▸ **Work to be completed**
Go through the listing below and retype exactly the lines starting at the one with "Langleb ige Q+-Scheiben" and ending at the one with "Set van 4x stuks", skipping pictures.

▸ **Information given**
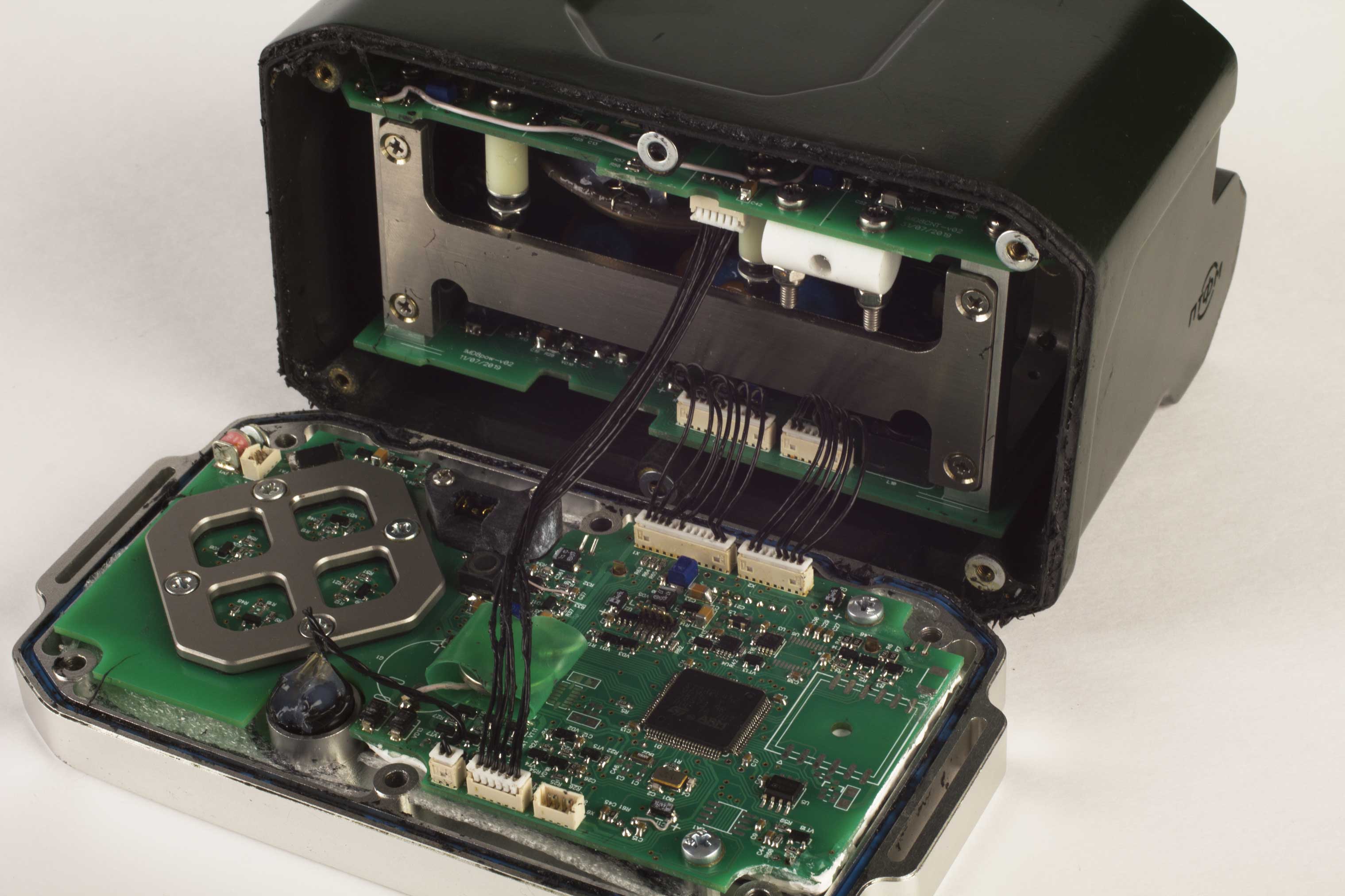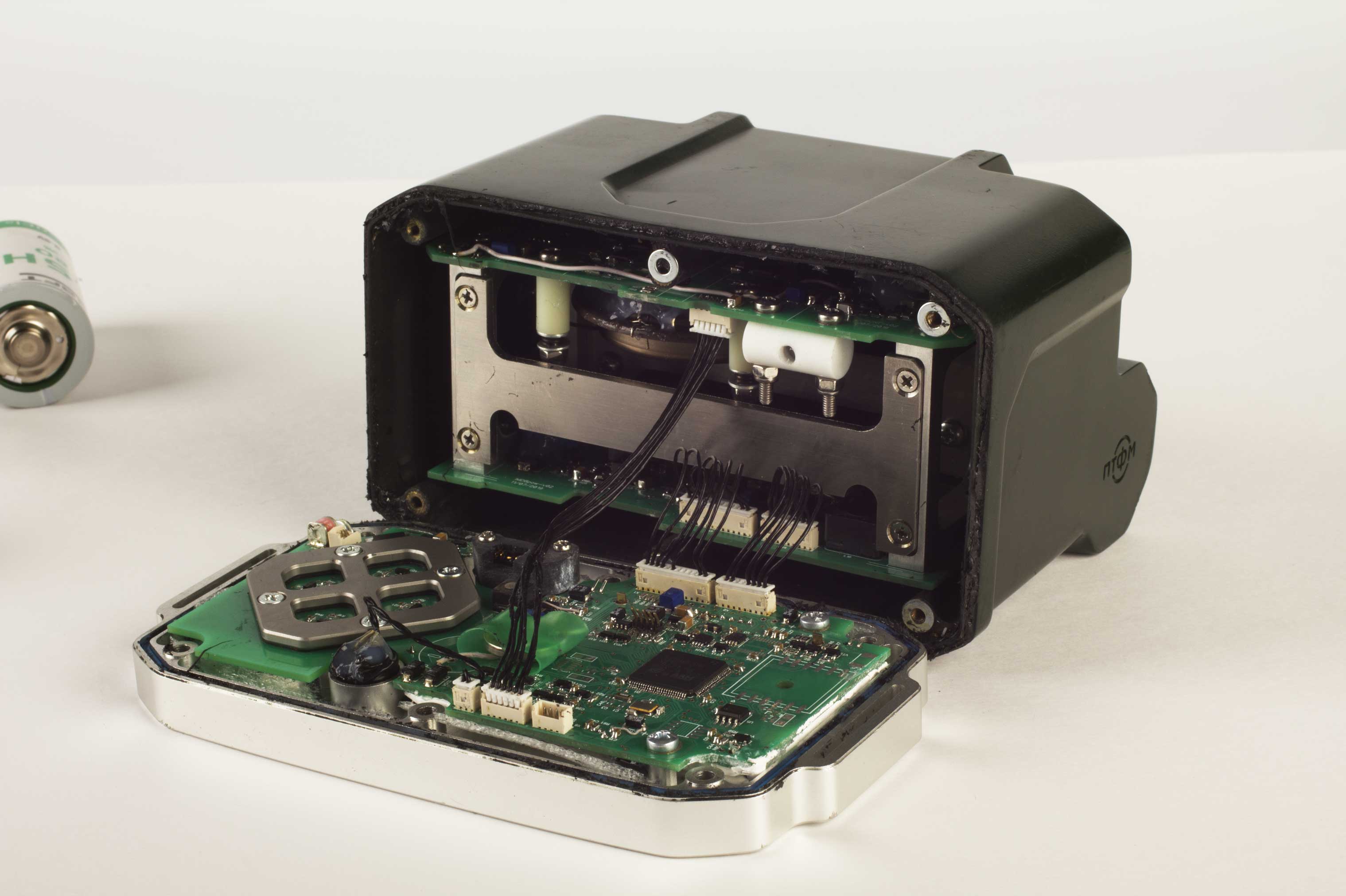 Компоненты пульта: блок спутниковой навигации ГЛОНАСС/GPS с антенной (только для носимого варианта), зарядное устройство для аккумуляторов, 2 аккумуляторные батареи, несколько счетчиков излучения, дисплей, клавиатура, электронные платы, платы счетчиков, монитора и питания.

* * *

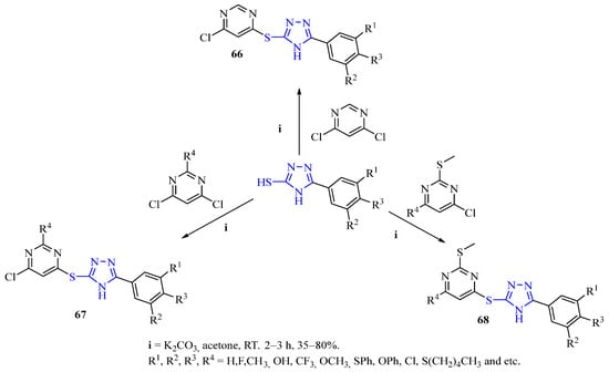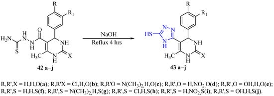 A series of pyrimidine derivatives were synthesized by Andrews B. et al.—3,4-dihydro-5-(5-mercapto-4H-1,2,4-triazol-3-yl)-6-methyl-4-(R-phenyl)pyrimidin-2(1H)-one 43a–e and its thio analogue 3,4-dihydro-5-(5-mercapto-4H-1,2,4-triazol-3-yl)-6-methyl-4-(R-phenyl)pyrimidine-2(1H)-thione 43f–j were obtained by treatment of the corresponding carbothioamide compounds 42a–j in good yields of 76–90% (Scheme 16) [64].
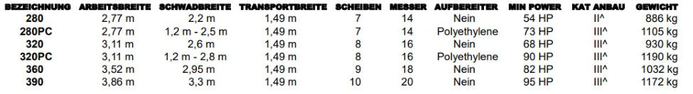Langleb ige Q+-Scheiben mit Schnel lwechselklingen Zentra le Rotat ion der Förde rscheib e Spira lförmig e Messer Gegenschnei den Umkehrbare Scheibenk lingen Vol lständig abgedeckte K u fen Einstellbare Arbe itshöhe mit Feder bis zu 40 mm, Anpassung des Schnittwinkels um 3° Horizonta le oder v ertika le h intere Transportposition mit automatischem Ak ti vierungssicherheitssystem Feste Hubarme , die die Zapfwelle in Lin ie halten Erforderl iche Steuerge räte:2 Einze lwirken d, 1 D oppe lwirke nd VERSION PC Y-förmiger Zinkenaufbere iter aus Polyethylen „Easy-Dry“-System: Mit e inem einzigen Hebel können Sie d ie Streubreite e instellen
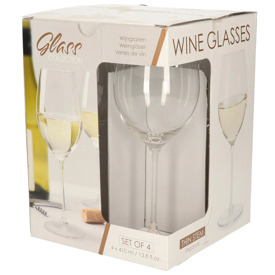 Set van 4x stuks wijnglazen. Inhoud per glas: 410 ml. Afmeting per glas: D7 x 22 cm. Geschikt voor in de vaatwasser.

▸ **Solution for this task**
Langleb ige Q+-Scheiben mit Schnel lwechselklingen Zentra le Rotat ion der Förde rscheib e Spira lförmig e Messer Gegenschnei den Umkehrbare Scheibenk lingen Vol lständig abgedeckte K u fen Einstellbare Arbe itshöhe mit Feder bis zu 40 mm, Anpassung des Schnittwinkels um 3° Horizonta le oder v ertika le h intere Transportposition mit automatischem Ak ti vierungssicherheitssystem Feste Hubarme , die die Zapfwelle in Lin ie halten Erforderl iche Steuerge räte:2 Einze lwirken d, 1 D oppe lwirke nd VERSION PC Y-förmiger Zinkenaufbere iter aus Polyethylen „Easy-Dry“-System: Mit e inem einzigen Hebel können Sie d ie Streubreite e instellen
 Set van 4x stuks wijnglazen. Inhoud per glas: 410 ml. Afmeting per glas: D7 x 22 cm. Geschikt voor in de vaatwasser.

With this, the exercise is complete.